Deadly attacks like the weekend's bomb blasts in Bali are akin
to a "terror tax" on a global economy that is already facing a
raft of risks, the International Monetary Fund (IMF) said on
Tuesday.

Kenneth Rogoff, chief economist at the Washington-based IMF,
said the bombings on the Indonesian island clearly dealt a blow
to Asia's economy but it was highly speculative at best to judge
how serious it would be.

"It's plausible that the economic effects on growth next year
in the region will be limited, but that outcome is of course
sensitive to how the security situation evolves, how policy
responds and above all what the effects are on business and
consumer confidence, domestically and in the rest of the world,"
Rogoff told a news conference.

But by raising costs for insurance, security and protection,
Rogoff said attacks like those in Bali and those on the United
States on Sept. 11, 2001, at the very least blunted the benefits
of positive trends in productivity and technology.

"One can think of there being a terror tax on the global
economy," Rogoff said.

As with the attacks on the United States and the earthquake
that devastated the Japanese city of Kobe in 1995, he said the
direct economic consequences of the Bali blasts, which killed
more than 180 people, could be fairly narrow and short-lived.

Indonesia had a broad economic base and had made notable
progress on a number of policy fronts recently. But all would
depend on the secondary impact on confidence.

"Economic analysis is ill-equipped to come to grips with the
human tragedy of terrorist attacks where consequences for our
sense of safety, our sense of well-being, go infinitely beyond
anything that can be captured in numbers," Rogoff said.

"Overall, recognising the great uncertainty and also that this
comes at a time when the global recovery is tepid, with many
risks on the downside, the appropriate policy response is to
remain calm," he added.

Rogoff said he was cautiously optimistic about the world
economy but placed the emphasis on caution rather than optimism.

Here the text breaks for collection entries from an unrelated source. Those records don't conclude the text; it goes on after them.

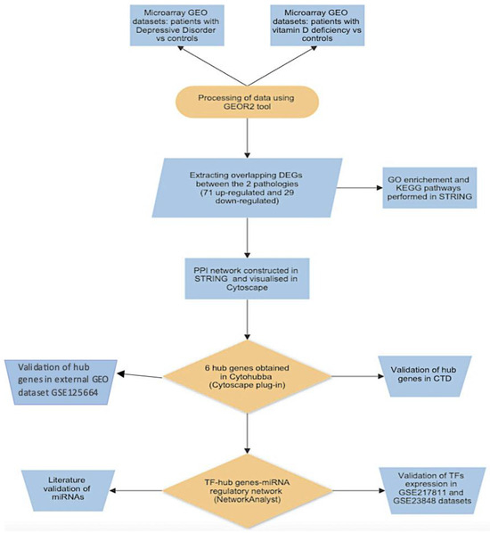 Here, we analyzed public transcriptome datasets from individuals diagnosed with MDD and VDD, aiming to identify the hub genes within the regulatory networks of commonly differentially expressed genes (DEGs). GEO (Gene Expression Omnibus) microarray datasets [28] were downloaded and subjected to GEO2R analysis, followed by identification of the common differentially expressed genes. The shared DEGs network was next subjected to protein–protein interaction (PPI) and pathway analysis to reveal the connected mechanism between the two conditions. Finally, we constructed a network of transcriptional (transcription factors—TFs) and post-transcriptional (microRNAs) co-regulators of the identified hub genes.
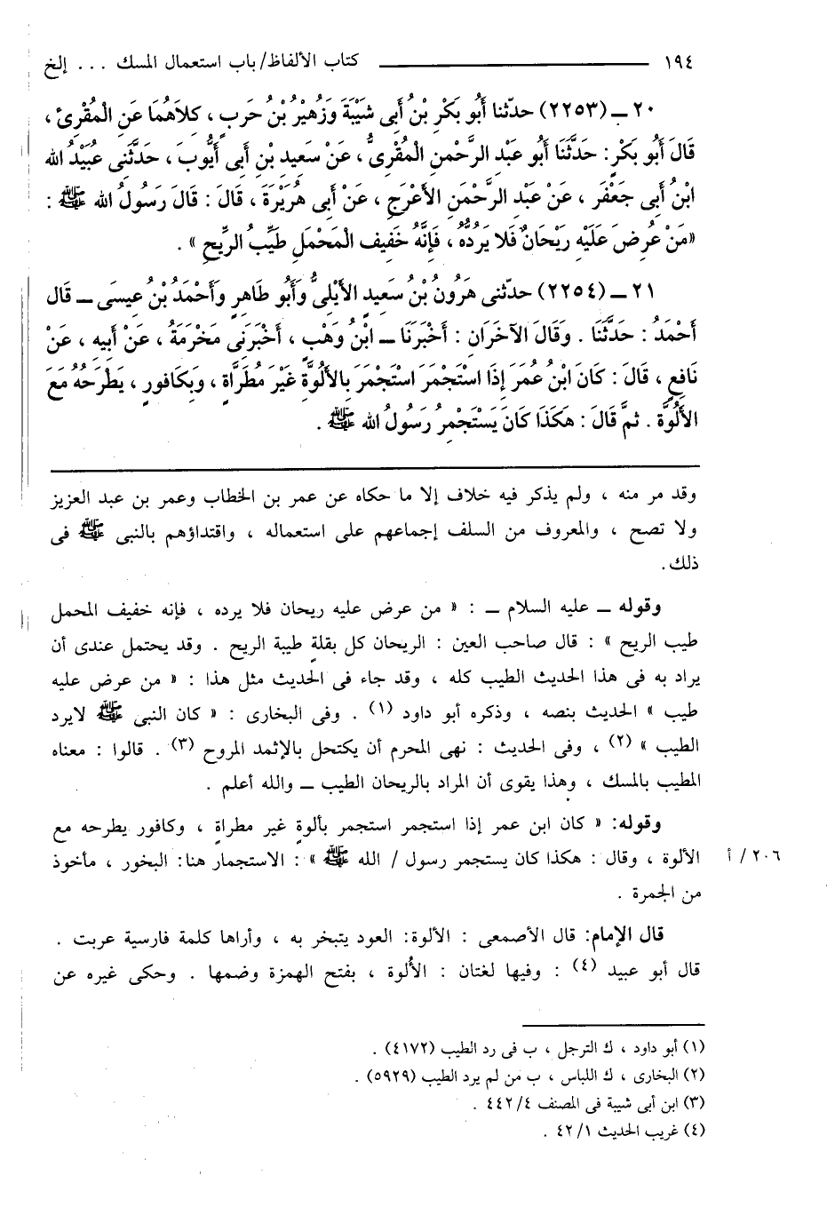 21 - (2254) حدّثنى هَارُونُ بْنُ سَعِيدٍ الأَيْلِىُّ وَأَبُو طَاهِرٍ وَأَحْمَدُ بْنُ عِيسَى - قَال أَحْمَدُ: حَدَّثَنَا. وَقَالَ الآخَرَانِ: أَخْبَرَنَا - ابنُ وَهْبٍ، أَخْبَرَنِى مَخْرَمَةُ، عَنْ أَبِيهِ، عَنْ نَافِعٍ، قَالَ: كَانَ ابْنُ عُمَرَ إِذَا اسْتَجْمَرَ اسْتَجْمَرَ بِالأَلُوَّةِ غَيْرَ مُطَرَّاةٍ، وَبِكَافورٍ، يَطْرَحُهُ مَعَ الأَلُوَّة. ثمَّ قَالَ: هَكَذَا كَانَ يَسْتَجْمِرُ رَسُولُ الله صَلَّى اللَّهُ عَلَيْهِ وَسَلَّمَ.
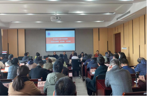 在德经楼308会议室召开教职工大会学习党的十九届六中全会精神。会议由学院党委书记张阳军主持,学院全体教职工参加会议。
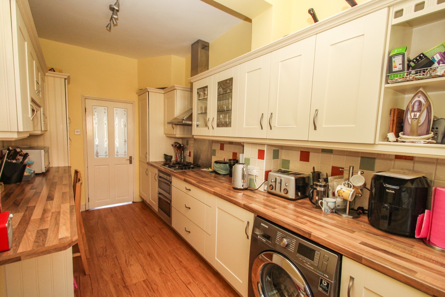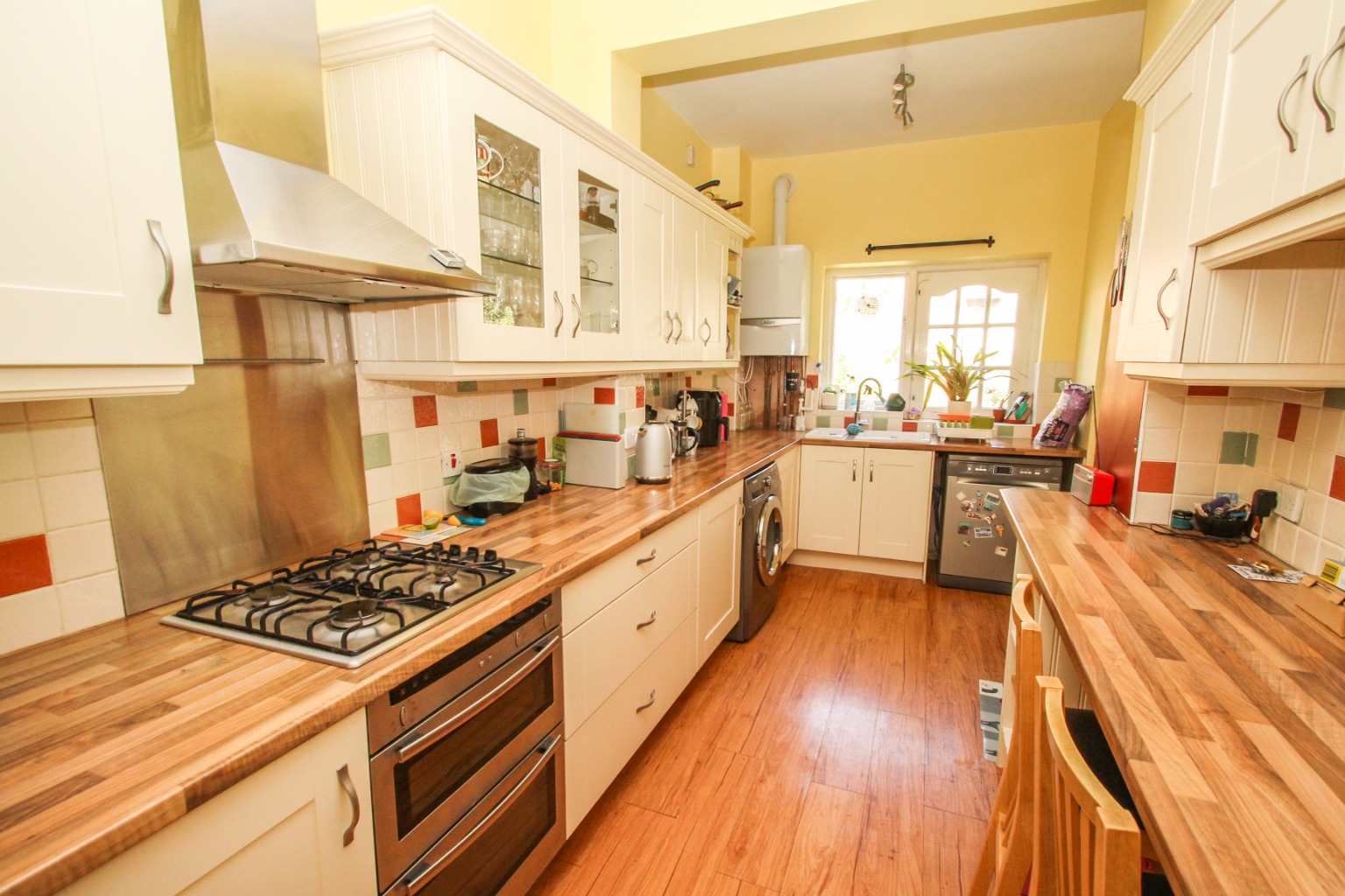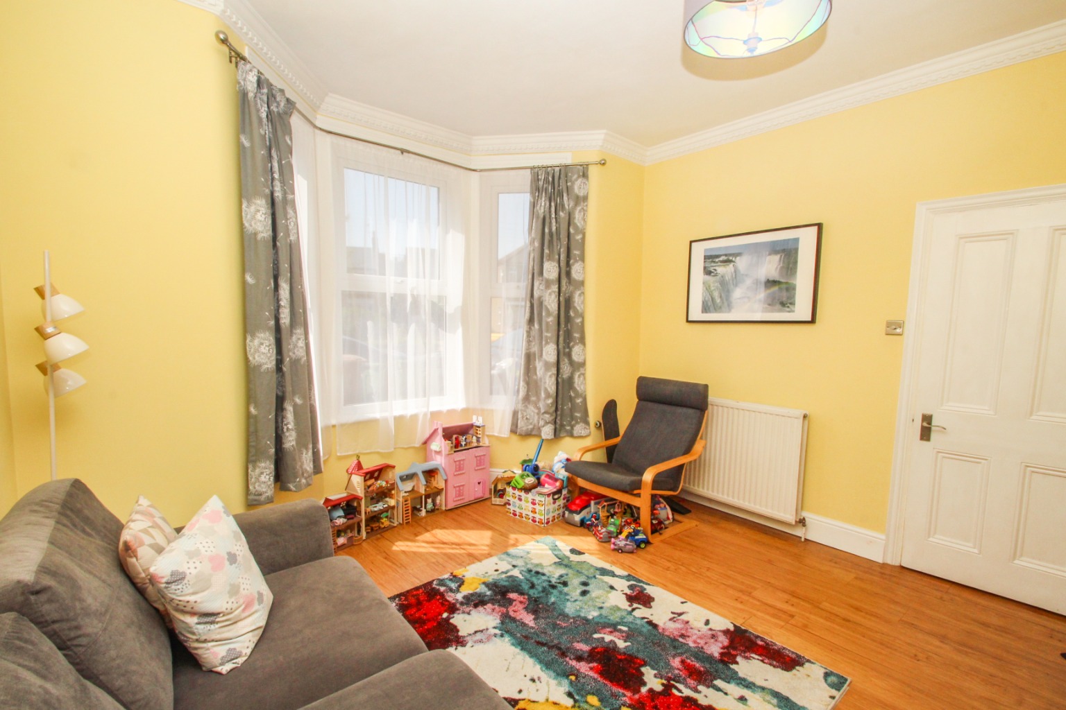 Inside the property, a spacious light-filled entrance provides a place to hang coats revealing the painted staircase leading upstairs and to the right the first of the two reception rooms. Neutrally decorated, this fabulous room has the Victoria style high ceilings and large bay window. To the rear of the ground floor, the second reception room could act simply as a dining room. However, its generous proportions space to accommodate a second seating area, ideal for larger families. The well-equipped kitchen also runs the full length of this room and includes plenty of cupboard space, breakfast bar area, integrated fridge/freezer, double oven, gas hob with overhead extractor, and dishwasher (washing machine upon request).

The outlook for Latin America had seriously deteriorated in
recent months, while Asia faced substantial risks, not least
because of the prospect of a subdued recovery in the industrial
countries that are the main buyers of the region's exports.

In the United States, Rogoff said investors' extreme
reluctance to take risks meant a further decline on Wall Street
could not be excluded, even though price-earnings ratios were now
in line with the average of the past 15 years.

Domestic demand in the euro zone was growing much less than
gross domestic product, underscoring the need for sweeping labour
market and other structural reforms to complement the European
Central Bank's appropriate bias toward easier monetary policy.

Rogoff said the case for further monetary easing in Japan was
compelling, but he acknowledged the risks that inflation could
spin out of control and the yen fall too far if the Bank of Japan
succeeded in crushing deflation, now in its fourth year.

That being so, Rogoff said the rest of the world, especially
the major industrial countries, should be ready to help Japan by
undertaking a modest reflation of their economies to support
world demand and offset any slide in the yen.

"This level of cooperation would be extraordinary, but,
certainly, ending Japan's 10-year series of recessions and
prolonged deflation would also be extraordinary," he said.